### [DATA SECTION]
+ + + +
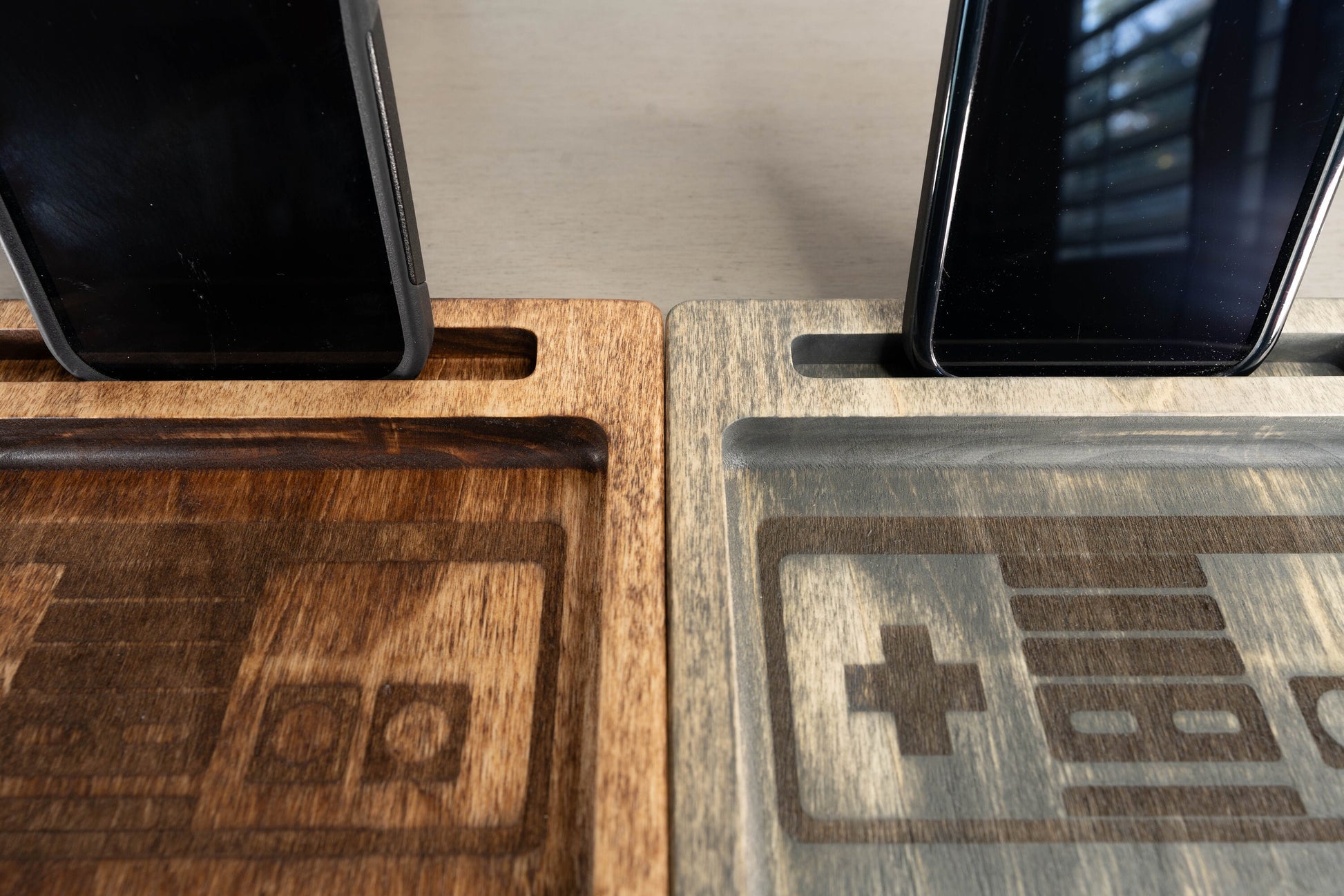 Handcrafted Classic Console Controller Desk Tray: Universal Phone Slot
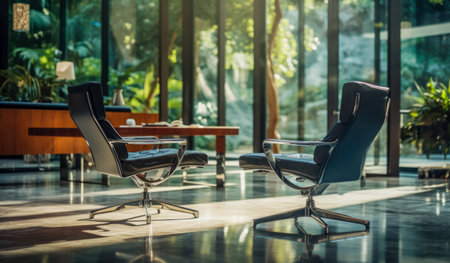 Modern office interior with black chairs, table and window. Nobody inside
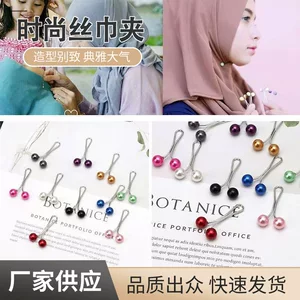 Трансграничная Внешняя торговля Взрывы Женская мусульманская шелковая Пряжка для полотенец Модный платок Зажим для шеи Женский жемчужный шелковый шарф Зажим Маленькая булавка
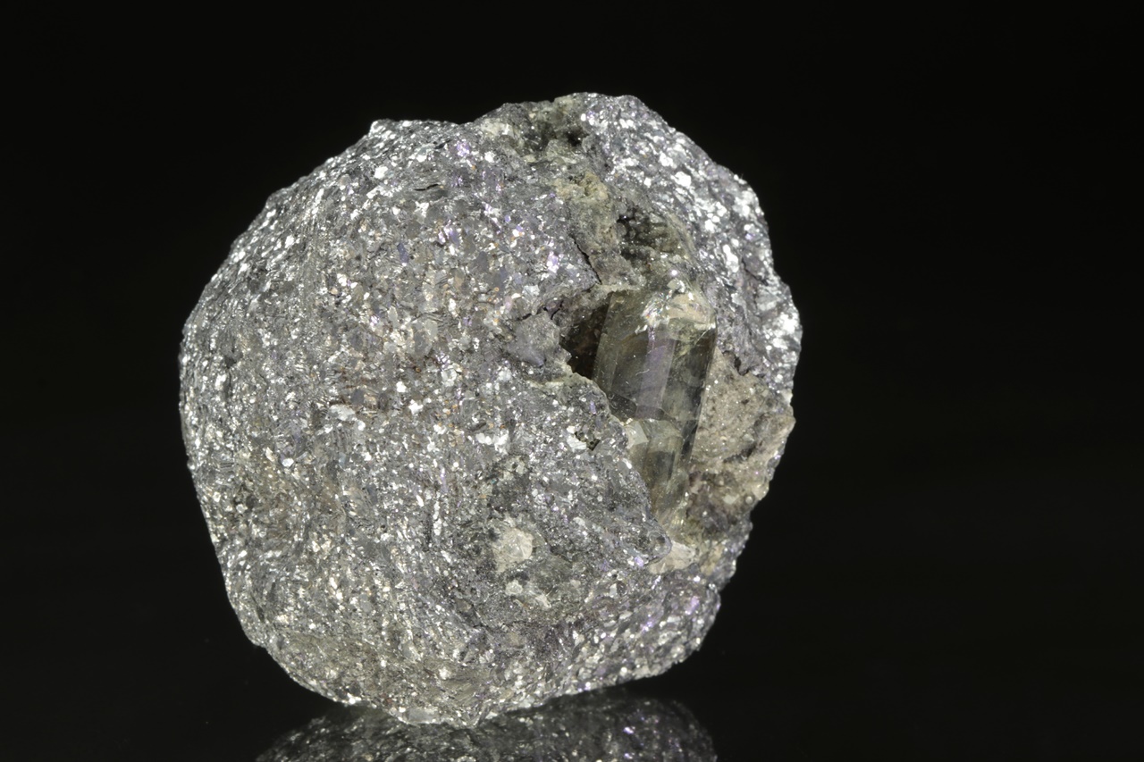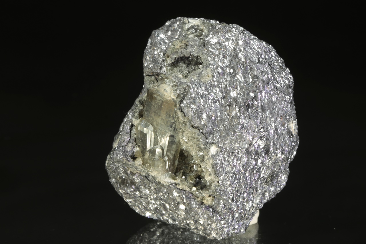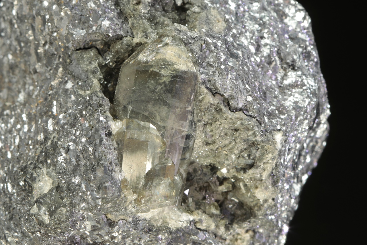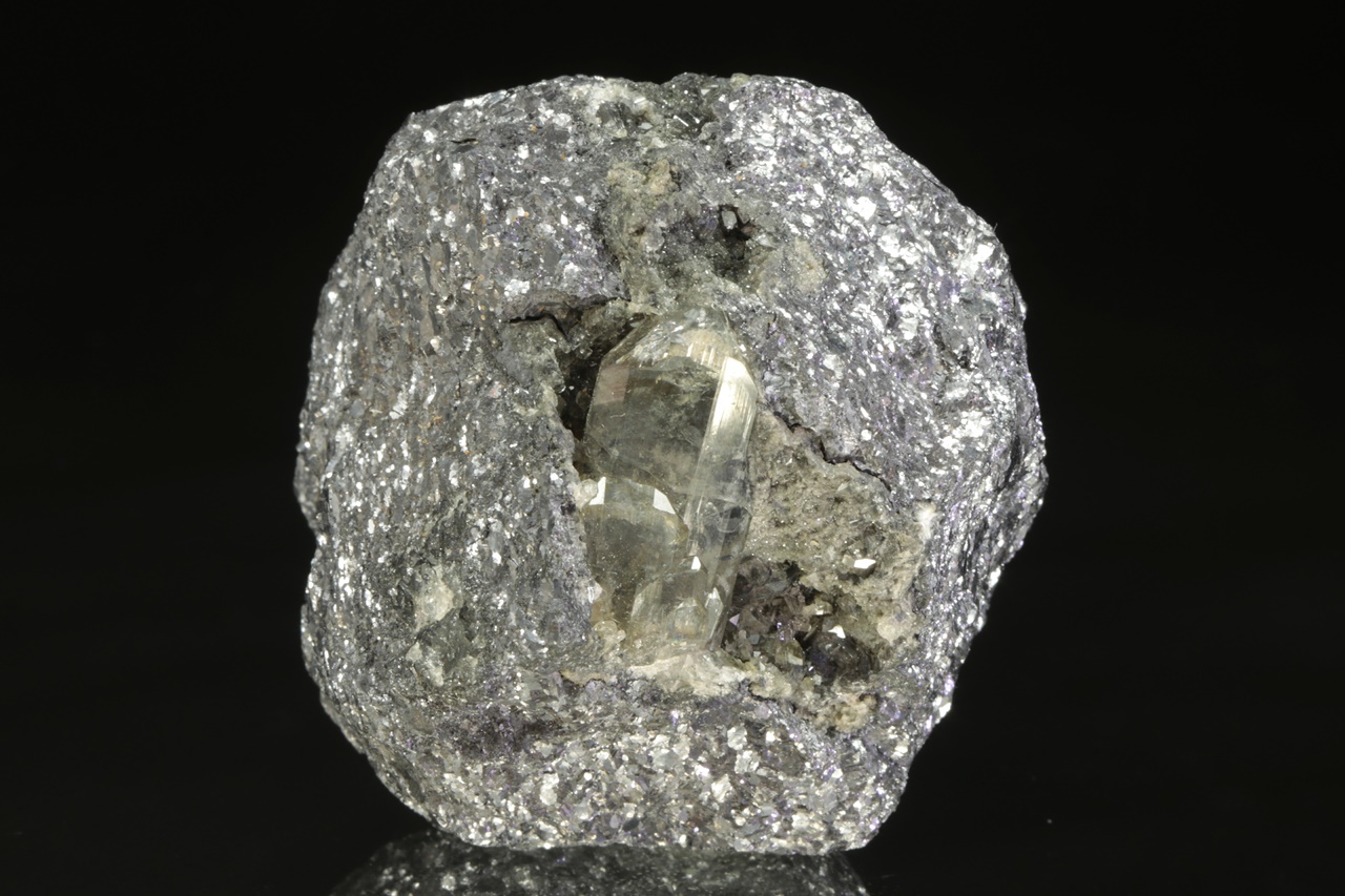 Two centimeters long, a shiny crystal of translucent anglesite grown in the cavity of massive galenite.
+ + + +
### [EXERCISE]
The lines wanted are those from the start of the material above through the line with "Modern office interior", both included; print them exactly and skip any picture.

### [RESULT BELOW]
 Handcrafted Classic Console Controller Desk Tray: Universal Phone Slot
 Modern office interior with black chairs, table and window. Nobody inside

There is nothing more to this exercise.